A Thin Line Between Protestor and Criminal


In the past 9 months, over 7,000 people have been arrested in the United States for protesting. The actions have varied from marches to writing on the sidewalk with chalk. Government has taken a robust stance on protest enforcement, and has arrested people with impunity—leaving it to the court to work it out. It is safe to say that the events of the past nine months will set the distinction between protesting and criminal behavior for centuries. In the coming years we will see legal cases that will clearly define what our first amendment rights are from every dimension and in every specific circumstance.

Seven hundred of the 7,000 national protest arrests have come from Tucson, Arizona. There are six civil rights lawsuits on deck: one already dismissed, and one currently four months into litigation in Federal District Court (COOPER V. CITY OF TUCSON). From the collective lawsuits the rights to protest in a park, on the sidewalk, in the streets, and by writing with chalk will be clearly established legal precedence for the rest of history. Many of these particular situations are novel, and this will be the first time a judge ever rules on this type of situation.
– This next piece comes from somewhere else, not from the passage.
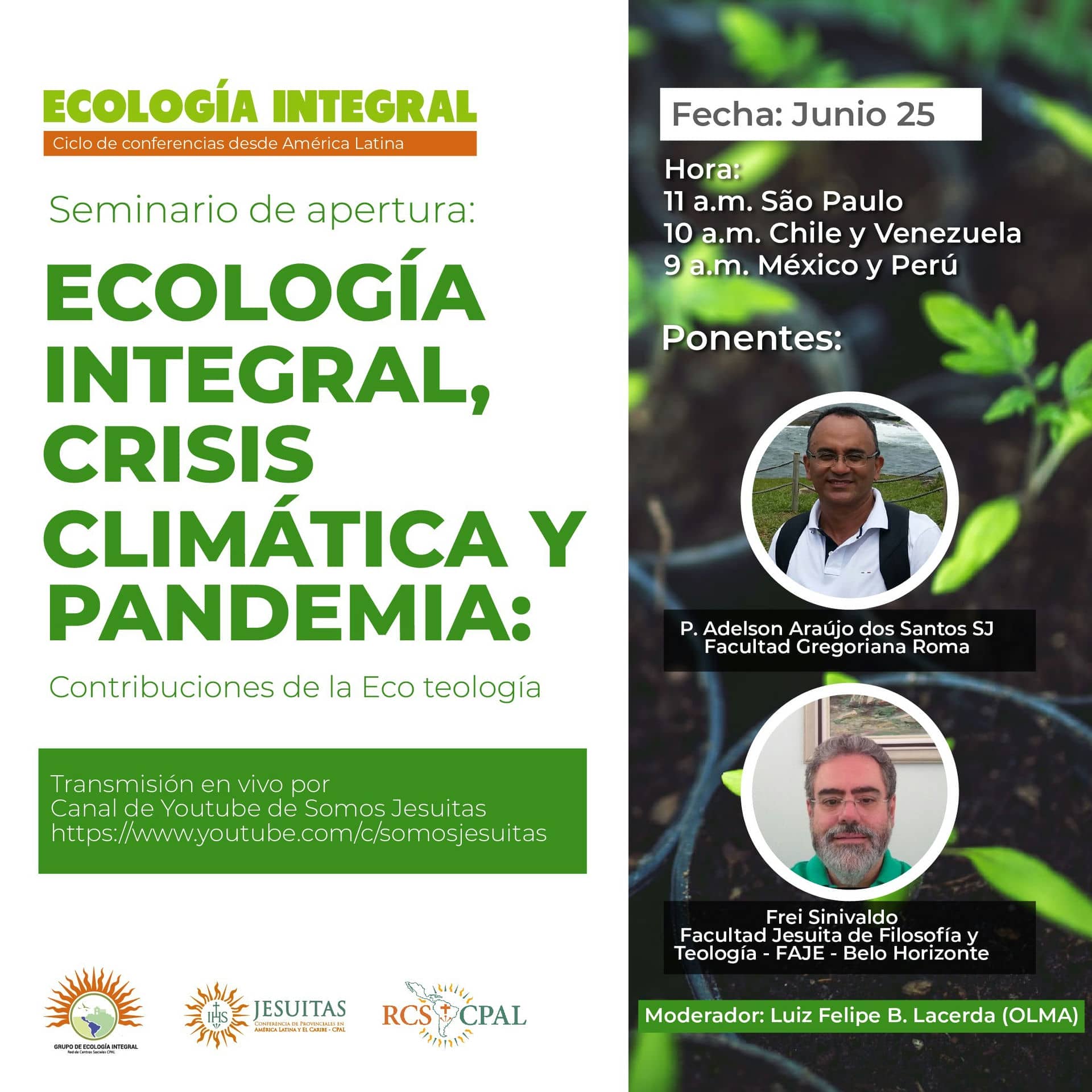 La primera conferencia virtual está pautada para el próximo 25 de junio y tendrá por nombre "Ecología integral, crisis climática y pandemia: Contribuciones de la Eco Teología", a cargo del P. Andelson Araújo dos Santos, SJ y Frei Sinivaldo. La hora fijada para este encuentro es 9:00 a.m. (hora de México y Lima).

There are many claims of unconstitutional violations perpetuated by the police departments in their respective cities. During my time in the field I have personally seen the Tucson Police arrest people as a form of moving them out of the way (knowing that the charges will be dismissed in court.) The only way that the police will stop their actions—illegal or not—is if ordered to do so by a judge. There are a group of Pro Se Litigators around the U.S. that realize this sad fact and have begun the steps necessary to do just that. These trials will take at least two years to reach conclusion, but will establish law for centuries.

It is in our interest to assist these individuals that have put themselves in such a vulnerable position while keeping such a courageous temperament by getting arrested and putting themselves squarely in the government’s radar as a combatant. Whether we agree with their position or not, their successes are our successes. If they win in court: we have more rights; if they lose in court: we lose more rights. So, find these people in your area, and give them whatever support you can, because we are all in this battle for the honoring of our constitutional rights together.